WHAT YOU WILL DO:
Copy the data that appears below exactly. Drop the pictures.

STORED DATA:
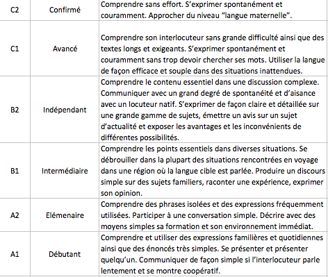 Comprendre sans effort. S’exprimer spontanément et couramment. Approcher du niveau “langue maternelle”.
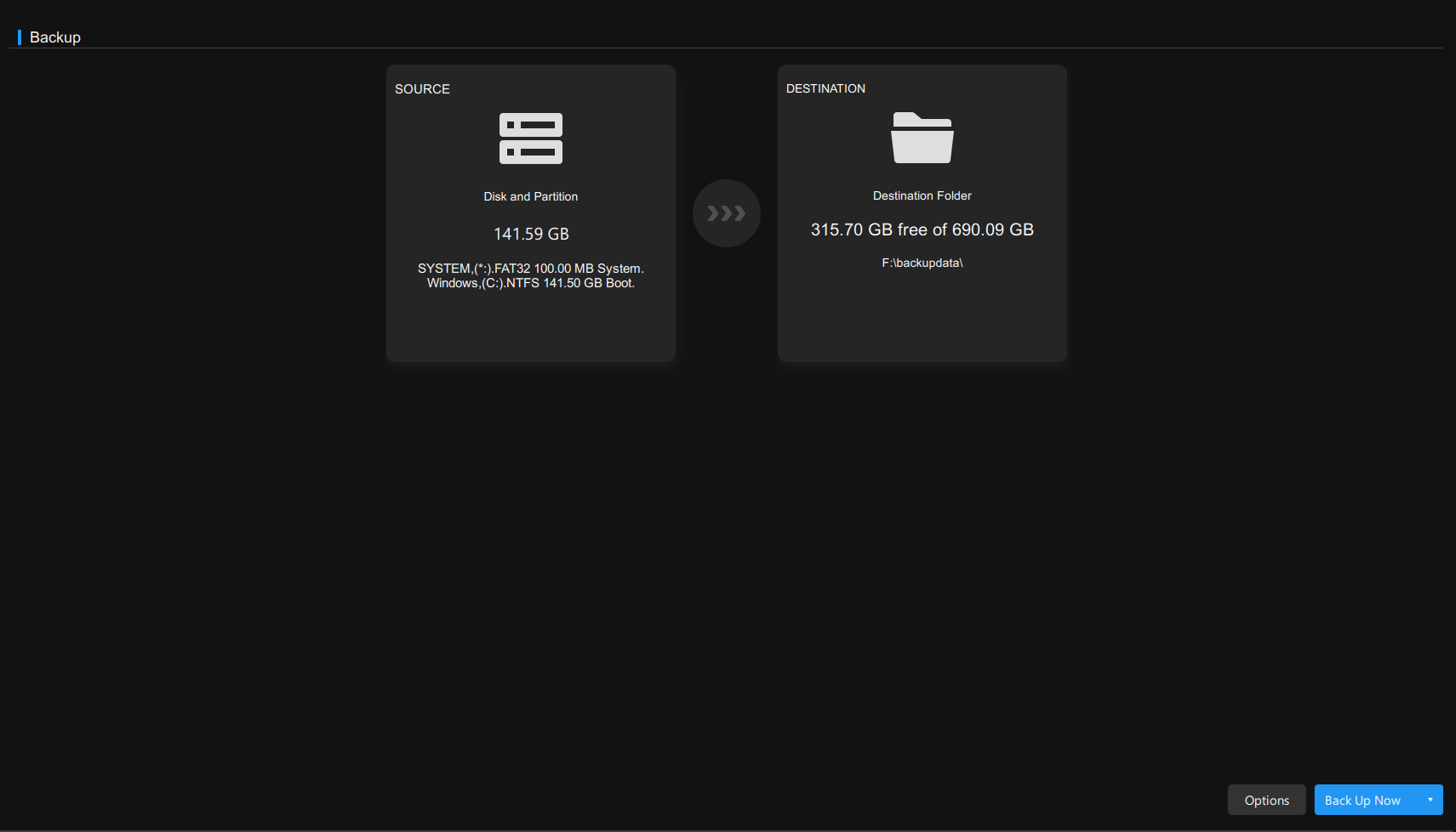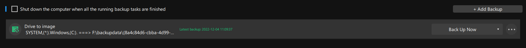 다운로드 후 크랙파일을 설치된 폴더에 복사해 준 후 실행해 주면 "Backup" 메뉴가 자동으로 뜹니다. 자동으로 여유공간이 있는 드라이브를 찾아서 "BackupData" 폴더가 생성된다고 나옵니다.
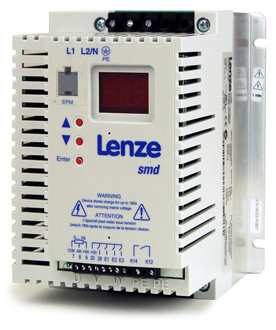 Lenze AC Tech SMD serijos dažnio keitiklis trifazio iki 1.5kW variklio valdymui. Keičia trifazę maitinimo įtampą į variklio maitinimui skirtą trizafę keičiamo dažnio įtampą.
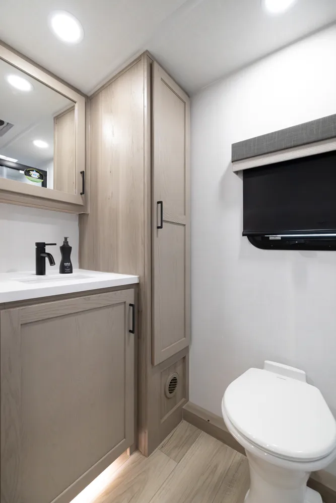 This unit is unique with its big 36" sliding doors leading to the bathroom and bedroom. These doors make moving around for a broad-shouldered person easier and comfortable. The entertainment center is loaded with 32" tv, a residential-style soundbar and a fireplace space heater. Across from this lovely entertainment center is a 72" theatre seating which is perfect for reclining and watching a good movie.

YOUR RESPONSE:
 Comprendre sans effort. S’exprimer spontanément et couramment. Approcher du niveau “langue maternelle”.
 다운로드 후 크랙파일을 설치된 폴더에 복사해 준 후 실행해 주면 "Backup" 메뉴가 자동으로 뜹니다. 자동으로 여유공간이 있는 드라이브를 찾아서 "BackupData" 폴더가 생성된다고 나옵니다.
 Lenze AC Tech SMD serijos dažnio keitiklis trifazio iki 1.5kW variklio valdymui. Keičia trifazę maitinimo įtampą į variklio maitinimui skirtą trizafę keičiamo dažnio įtampą.
 This unit is unique with its big 36" sliding doors leading to the bathroom and bedroom. These doors make moving around for a broad-shouldered person easier and comfortable. The entertainment center is loaded with 32" tv, a residential-style soundbar and a fireplace space heater. Across from this lovely entertainment center is a 72" theatre seating which is perfect for reclining and watching a good movie.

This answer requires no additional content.